> _Work item_:
Retype the data exactly, skipping any picture in it.

> _Input material_:
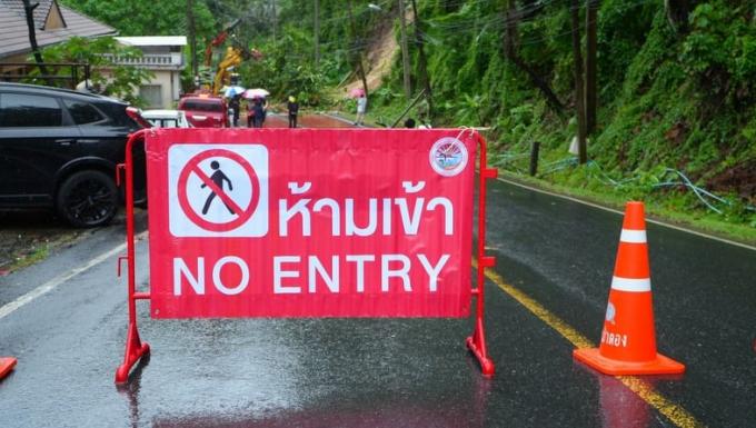PHUKET : 50 Pi Rd (Ha Sip Pi Rd), à Patong, reste fermée à la circulation ce jeudi pendant des inspections de sécurité et des opérations de nettoyage sur le site du glissement de terrain provoqué par les fortes précipitations de la veille.
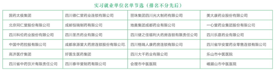 与国药太极集团、科伦集团、高济医疗集团等知名企业保持长期紧密合作,毕业生供不应求,就业率一直保持在98%以上,就业品质高。
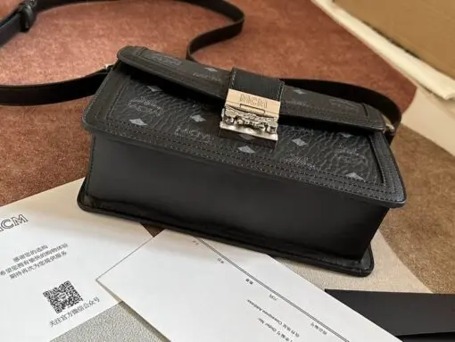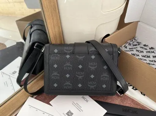 MCM Small Tracy Monogram Cross Body Bag Black
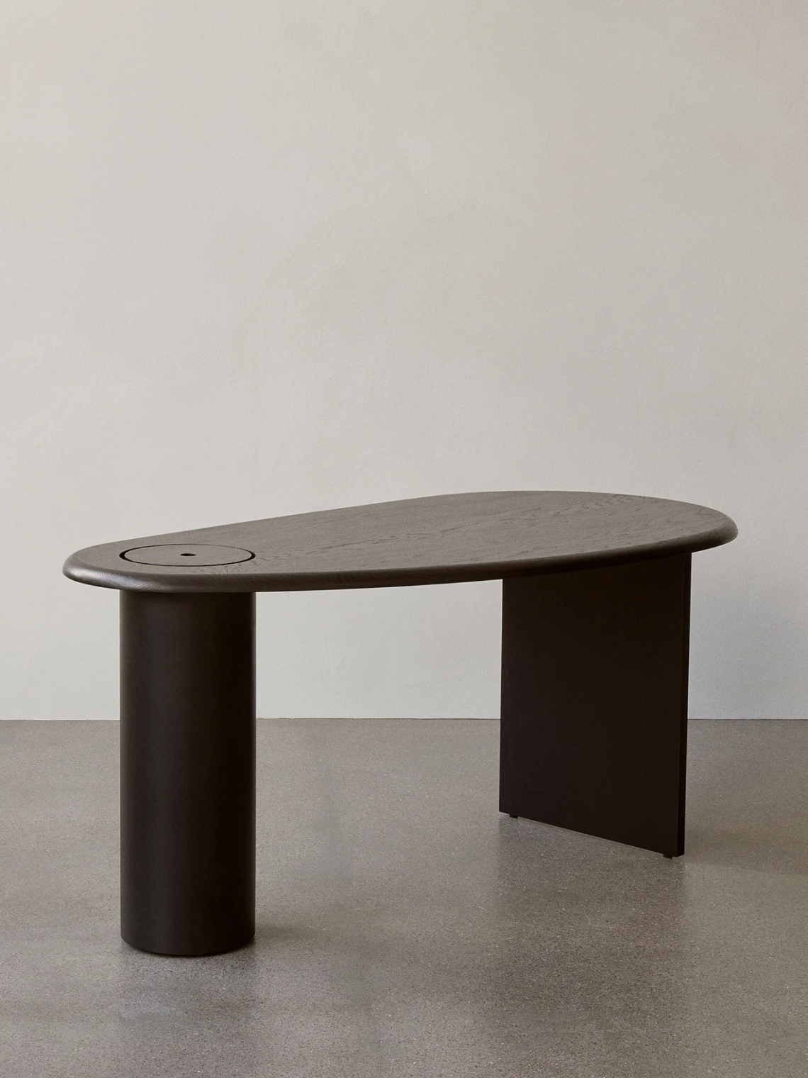 The Eclipse Desk is a celebration of materials and form. Named after its concave and convex form that resembles the illuminated passage of celestial bodies in the sky, the Fred Rigby design has a distinctive, asymmetrical silhouette that invites to touch. Available in solid oak, dark-oiled oak and oiled natural oak with a black painted leg, the tabletop is fitted with a lid that lifts to reveal hidden storage within the supportive steel column, ensuring desk space remains free of clutter. Designed to stand alone as a centrepiece in the middle of a room or for placement up against a wall as a more conventional piece of home office furniture, its intriguing form draws the eye.H: 75 cm, W: 160 cm, D: 80 cm
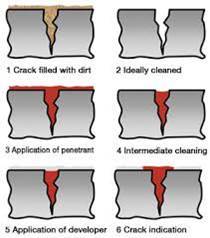 Dye Penetrants are the most common form of non-destructive weld test. This is because they are cheap and portable. X-rays and Ultrasounds are more expensive and not as versitile, however they are more accurate.
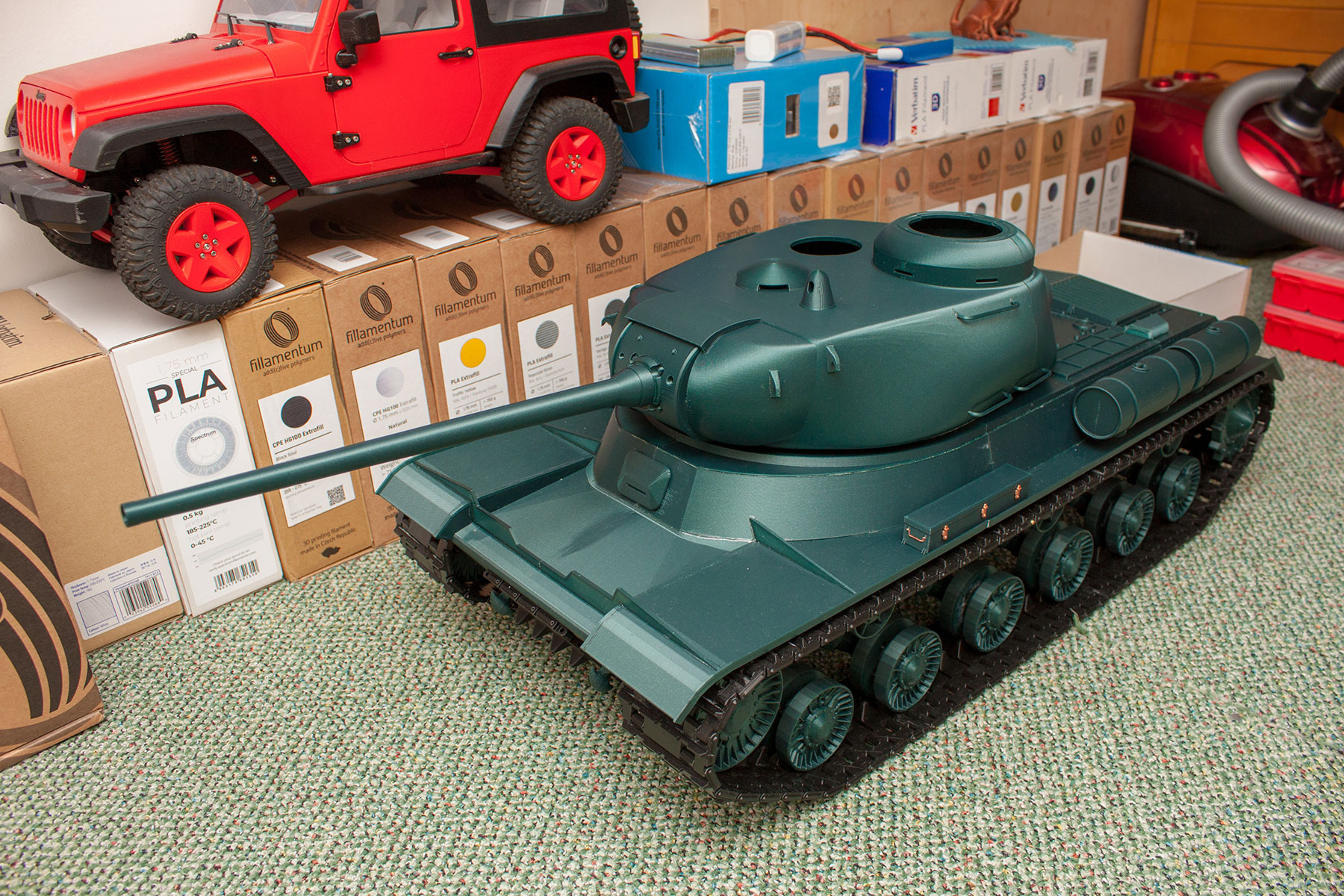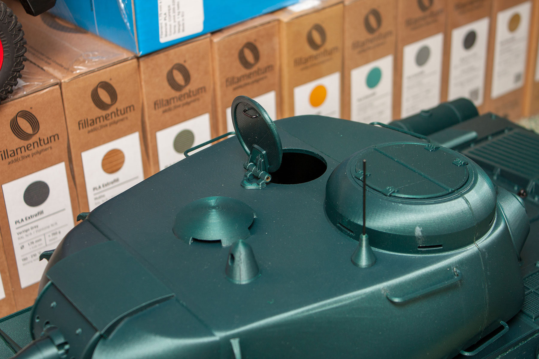 Toto nastavení mám standardně na vše, pouze výplň nižší. A tisknu i na 80 mm/s, akorát při 230°C a nekomplikované větší díly. Problémem pak je velké pnutí při chladnutí, takže tenké věci, jako je třeba ta věž tanku, by se zkřivily. Tiskárny jedou průměrně 5,5 m filamentu za hodinu, na tank jsem spotřeboval 1650 m, to je 300 hodin tisku.
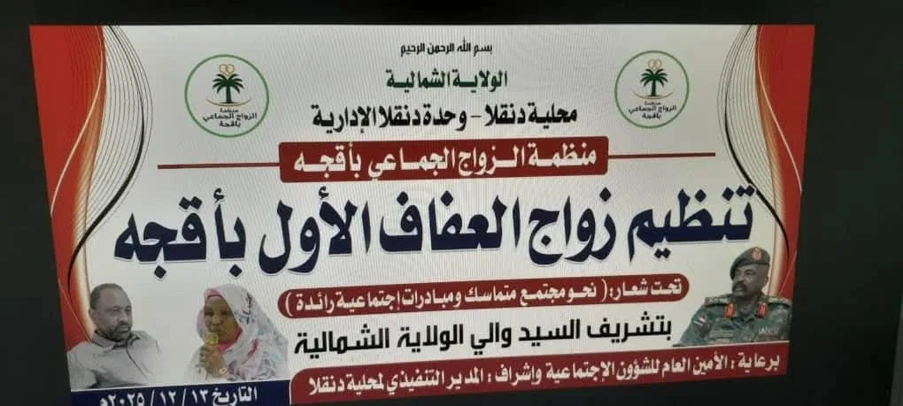 تحتفل محلية دنقلا بالزواج الجماعي الأول في منطقة أقجة والذي يجئ تحت شعار (نحو مجتمع متماسك ومبادرات إجتماعية رائدة) ، حيث يشرف المناسبة والي الشمالية عبد الرحمن عبد الحميد وذلك في يوم السبت 13 ديسمبر الجاري.
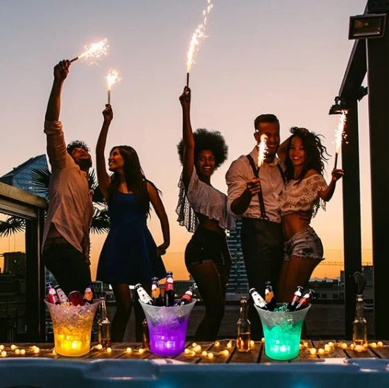 Transforma tus reuniones y celebraciones con el Parlante Hielera Bluetooth de 5 litros. Enfría tus bebidas favoritas y disfruta de un sonido envolvente acompañado de un show de luces RGB. ¡Todo en un cubo práctico y elegante!
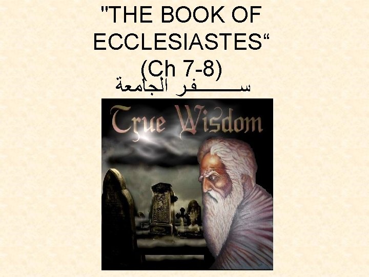 Chapter Seven & Eight Wisdom of dealing with the vain life and Preparing for Eternal life 1 - A good name is better than a good ointment, And the day of one’s death is better than the day of one's birth. (Ecclesiastes 7: 1). . ﺍﻟﻮﻻﺩﺓ ﻳﻮﻡ ﻣﻦ ﺧﻴﺮ ﺍﻟﻤﻤﺎﺕ ﻭﻳﻮﻡ ﺍﻟﻄﺏ ﺍﻟﺪﻫﻦ ﻣﻦ ﺧﻴﺮ ﺍﻟﺼﻴﺖ A good name = A good deed . . . day of death is better than the day of birth. At the day of your birth, anything is possible. But on the day of your death, what you have done with your life no longer can be changed.

> _Your response_:
PHUKET : 50 Pi Rd (Ha Sip Pi Rd), à Patong, reste fermée à la circulation ce jeudi pendant des inspections de sécurité et des opérations de nettoyage sur le site du glissement de terrain provoqué par les fortes précipitations de la veille.
 与国药太极集团、科伦集团、高济医疗集团等知名企业保持长期紧密合作,毕业生供不应求,就业率一直保持在98%以上,就业品质高。
 MCM Small Tracy Monogram Cross Body Bag Black
 The Eclipse Desk is a celebration of materials and form. Named after its concave and convex form that resembles the illuminated passage of celestial bodies in the sky, the Fred Rigby design has a distinctive, asymmetrical silhouette that invites to touch. Available in solid oak, dark-oiled oak and oiled natural oak with a black painted leg, the tabletop is fitted with a lid that lifts to reveal hidden storage within the supportive steel column, ensuring desk space remains free of clutter. Designed to stand alone as a centrepiece in the middle of a room or for placement up against a wall as a more conventional piece of home office furniture, its intriguing form draws the eye.H: 75 cm, W: 160 cm, D: 80 cm
 Dye Penetrants are the most common form of non-destructive weld test. This is because they are cheap and portable. X-rays and Ultrasounds are more expensive and not as versitile, however they are more accurate.
 Toto nastavení mám standardně na vše, pouze výplň nižší. A tisknu i na 80 mm/s, akorát při 230°C a nekomplikované větší díly. Problémem pak je velké pnutí při chladnutí, takže tenké věci, jako je třeba ta věž tanku, by se zkřivily. Tiskárny jedou průměrně 5,5 m filamentu za hodinu, na tank jsem spotřeboval 1650 m, to je 300 hodin tisku.
 تحتفل محلية دنقلا بالزواج الجماعي الأول في منطقة أقجة والذي يجئ تحت شعار (نحو مجتمع متماسك ومبادرات إجتماعية رائدة) ، حيث يشرف المناسبة والي الشمالية عبد الرحمن عبد الحميد وذلك في يوم السبت 13 ديسمبر الجاري.
 Transforma tus reuniones y celebraciones con el Parlante Hielera Bluetooth de 5 litros. Enfría tus bebidas favoritas y disfruta de un sonido envolvente acompañado de un show de luces RGB. ¡Todo en un cubo práctico y elegante!
 Chapter Seven & Eight Wisdom of dealing with the vain life and Preparing for Eternal life 1 - A good name is better than a good ointment, And the day of one’s death is better than the day of one's birth. (Ecclesiastes 7: 1). . ﺍﻟﻮﻻﺩﺓ ﻳﻮﻡ ﻣﻦ ﺧﻴﺮ ﺍﻟﻤﻤﺎﺕ ﻭﻳﻮﻡ ﺍﻟﻄﺏ ﺍﻟﺪﻫﻦ ﻣﻦ ﺧﻴﺮ ﺍﻟﺼﻴﺖ A good name = A good deed . . . day of death is better than the day of birth. At the day of your birth, anything is possible. But on the day of your death, what you have done with your life no longer can be changed.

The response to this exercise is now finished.